他們慢步走下山道的樓梯,白忘惜緊握着淩月宸的手停在了某個梯級,淩月宸回頭看着他,夕陽的金光映在這個男人的身上,顯得本已英俊的臉更是好看。
淩月宸淺淺地笑着:“停住做什麼?”
白忘惜看着他,好一會才柔着眉目笑道:“我在想,作為傅夜天後代的我,作為沈望舒後代的你,為什麼就那樣剛剛好,進了同一家孤兒園?”
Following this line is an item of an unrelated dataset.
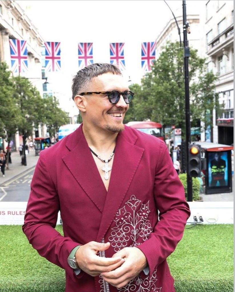 14 липня 2025 року, у Лондоні, під час презентації відновленої мозаїки Алли Горської “Боривітер”, Олександр Усик з’явився у бордовому костюмі з авторською вишивкою від українського бренду Damirli.

他記得那時候,與李明軒玩着玻璃珠子,打到了鐵栅以外,珠子被外面的人拾了起來。
那人是那麼髒,那麼瘦,他的身體看上去就并不好,可他的眼神并沒有迷茫,仿佛惡劣的生活環境,并沒有洗去這人的神志一樣,不禁讓白忘惜看着他發起愣來。
那人打開了掌心,晶瑩的玻璃珠子在他的掌心中映出七色彩光,白忘惜那時候覺得,若果自己沒有看見過彩虹,那這隻手,便是他看見的彩虹。
“我叫白忘惜,你叫什麼名字?”
白忘惜拿過他的珠子,握着了他的彩虹。
那人顯然一愣,有些出神地道:“淩月宸。”
“我6歲,你幾歲了?”
“8歲。”
“哦,那你就是哥哥了。”他笑着,看着淩月宸的眼睛帶着光:“我告訴院長,讓你也與我們一起生活,好不好?”
“一起,生活?”
“嗯,如果一起生活,我們便是一家人了!”
白忘惜永遠記得,那時候的淩月宸,臉容是溫柔,是釋然,也是安心的,他的唇角上揚,眼神溫潤,是白忘惜看過最好看的人。
白忘惜把樓梯上的淩月宸拉了過來,把人摟進了他的臂中,淡淡的昙花香氣讓他的心情異常地平靜。
他的彩虹,如今便在輝日之下入于己懷。
他所珍視之人,手指正纏于他的指間,十指相扣,掌心相貼。
“月宸,明軒不在,智博不在,那時候的兄弟,就隻剩下我與你了,我們永遠都不要分開,好不好?”
淩月宸把手放在白忘惜的後背,另一隻手則緊緊地扣住了緊貼的手指,讓彼此貼得更近。
他的手從白忘惜的後背,遊至他的脖子,輕撫着他的臉頰,撫過他的眼角,落至他的嘴唇,在那處揉了一下,而後仰起了頭,墊起了腳尖,把嘴唇貼上了比自己高出了許多的嘴唇。
白忘惜把人摟着,俯下身來,與珍重之人貼得更近,更緊。
二人的嘴唇稍分,白忘惜看着那雙墨瞳中自己的倒影,苦笑道:“所以,你這算是回應了?”
淩月宸的手指落于他的胸前,把頭湊到了他俯下的耳朵,柔笑道:“你逃不掉的,永遠也不。”